Visualization of the 3D structure of the “ligand-enzyme” complex is shown in (Fig. 4.)

In Fig. 4 shows the surface drawn around the active center, indicating the region of the donor H bond, and the acceptor region of the hydrogen bond. As can be seen in Figure 4, the main structural element of the inhibitor that is complementary to the ligand is the 1,2,4-triazole ring and the side ether and amide radical.

The main disadvantages that may be pointed out from the serial dilution include the time restriction for conducting the research and expansion of the error during the consecutive dilutions. In the first case, time limitation is specific to the serial dilution method, due to which the prepared media must be used immediately, without the possibility of storage. As for the second case, the most considerable error is assigned to the most concentrated solution. In order to compensate for the error, longer mixing times are required, which makes the serial dilution more time-consuming.

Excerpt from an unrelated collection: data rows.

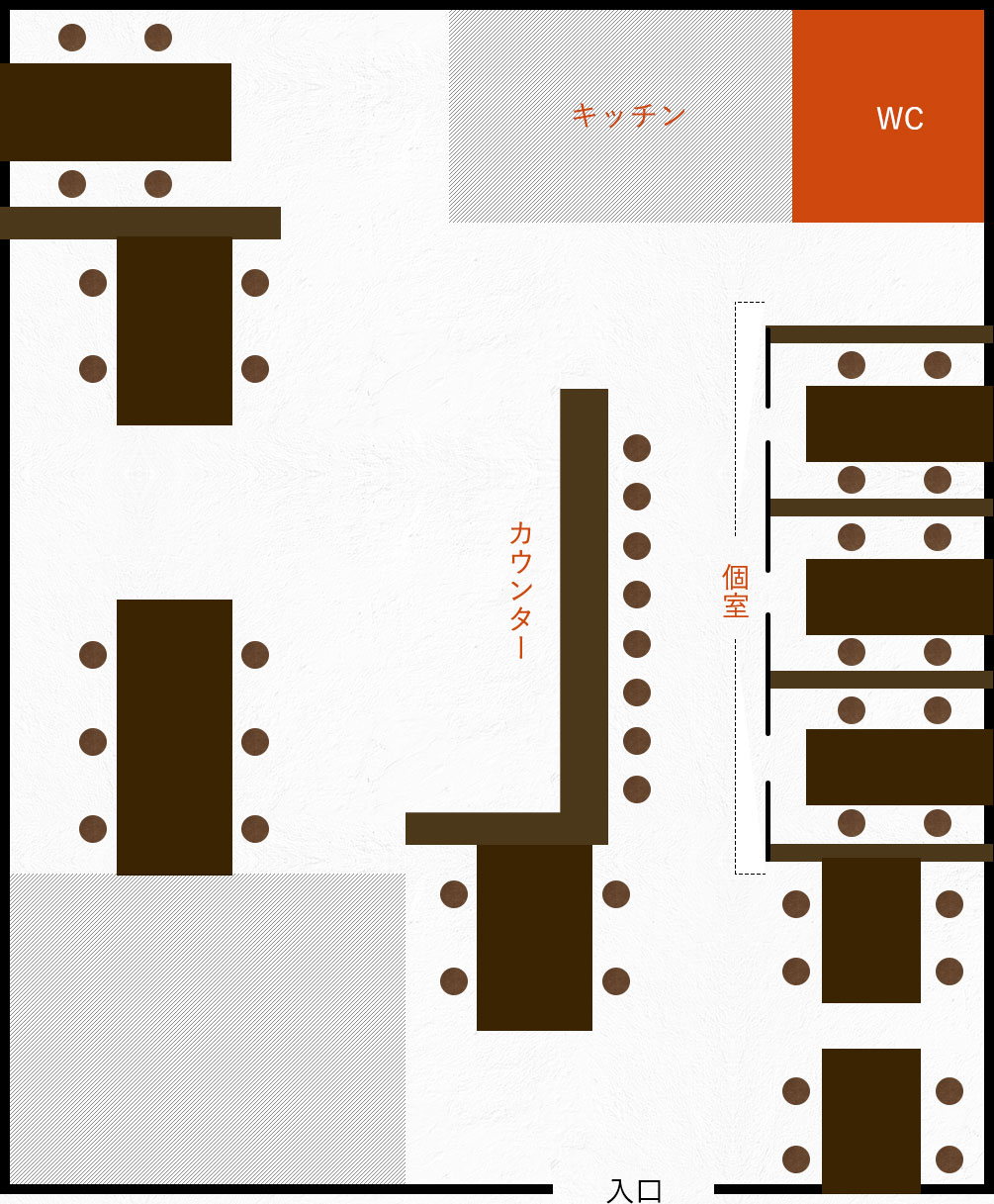 入り口をカーテンで仕切ったお席で、周りを気にせずお食事をお楽しみいただけます。
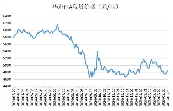 華東PTA現(xiàn)貨弱勢(shì)整理,商談參考4820元/噸附近。本周及下周主港交割報(bào)盤在05貼水5元/噸,遞盤在15元/噸;4月初主港報(bào)盤在05升水15元/噸,無(wú)實(shí)單遞盤。市場(chǎng)缺乏利好驅(qū)動(dòng),下游多剛需采購(gòu)為主,早盤實(shí)單商談清淡。
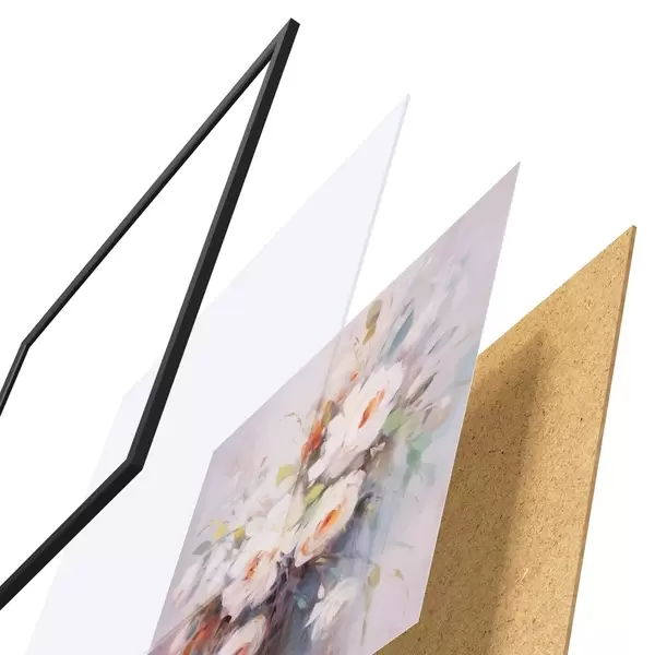 Plakát se skládá z rámu, plexiskla, tištěného obrazu a dřevotřískového podkladu. Díky úchytům na zadní straně lze plakát ihned zavěsit na zeď.
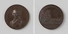 During the Spithead and Nore mutinies, Onslow suppressed a rising aboard the Nassau, and was sent by Duncan to quell the Adamant.[1] When the Nassau refused to sail on 26 May 1797, Onslow moved his flag to the Adamant and until the end of the mutiny, Duncan (in the Venerable) and Onslow maintained the blockade off the Texel alone, making signals to an imaginary fleet over the horizon. Onslow moved his flag again to the Monarch on 25 July 1797, and it was aboard her that he took part in the Battle of Camperdown on 11 October 1797.[1] His flag captain, Edward O'Bryen, supposedly warned him that the Dutch ships were too close together to get between, to which Onslow replied "The Monarch will make a passage." Indeed, Monarch was the first to break the Dutch line and attack the Jupiter of 72 guns, flagship of Vice-Admiral Reyntjes, who subsequently surrendered to Onslow.[1] The victory was captured by the artist Thomas Rowlandson, a friend of Onslow's brother-in-law, Matthew Michell, in the painting "Glorious Defeat of the Dutch Navy Octr 10 1797, by Admirals Lord Duncan and Sir Richard Onslow, with a View Drawn on the Spot of the Six Dutch Line of Battle Ships Captured and Brought into Yarmouth".
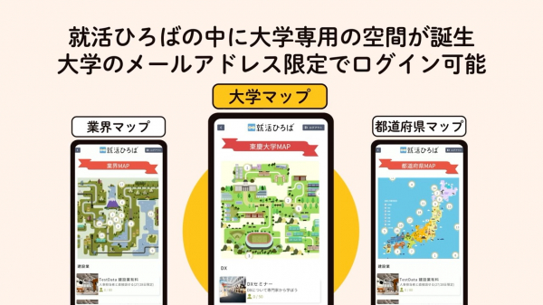 先進的な取り組みをする約20の大学のキャリアセンターと協働し、大学専用空間を就活ひろば内にオープンします。この空間は、所属する学生の生徒しか入れず、かつ、大学が選定したOB採用実績のある企業等のみに入室を制限することで、学生様にとってホームとなる安心できる空間を用意しました。
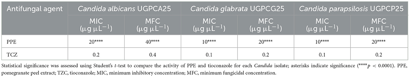 The antimycotic activity of PPE against Candida vaginal isolates was also quantitatively evaluated by the microdilution method, according to the CLSI guidelines (CLSI, 2022). For C. albicans UGPCA25, the MIC value of PPE was 20 μg μL−1, and the MFC value was 40 μg/μL (Table 2). The PPE exhibited a MIC value of 10 μg μL−1 for C. glabrata UGPCG25, while the MBC value was 20 μg μL−1 (Table 2). The PPE exerted a strong fungistatic and fungicidal effect also against C. parapsilosis UGPCP25 with MIC and MFC values of 10 μg μL−1 and 20 μg μL−1, respectively (Table 2). All fungal isolates tested in this study were sensitive to tioconazole tested as a positive control.
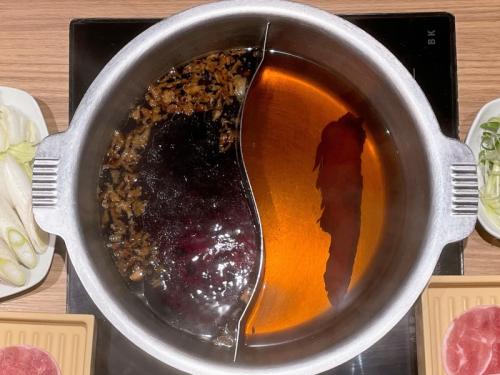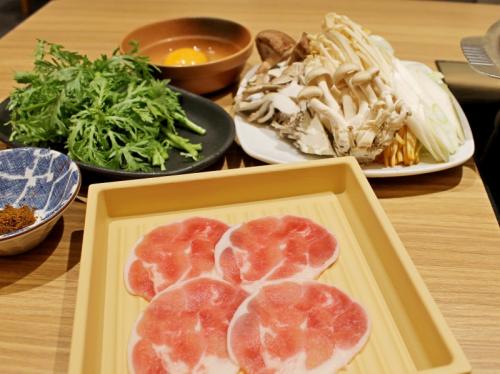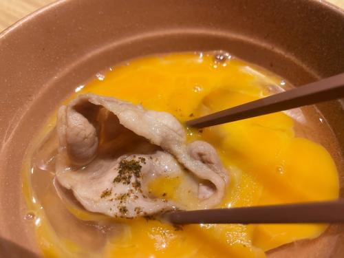 だしは、黒糖とたまり醤油を使用し、焦がし玉ねぎの香ばしさと甘み、鴨脂のコクを加えた旨みあふれる“鴨すきだし”。鴨肉をくぐらせ、ほんのり色が変われば食べごろです。

The results of the preliminary research of antimicrobial activity of the synthesized S-substituted bis-1,2,4-triazoles demonstrate the promise of further studies of their biological properties, while also the targeted synthesis of new 1,2,4-triazoles possessing bactericidal activity represents great scientific interest.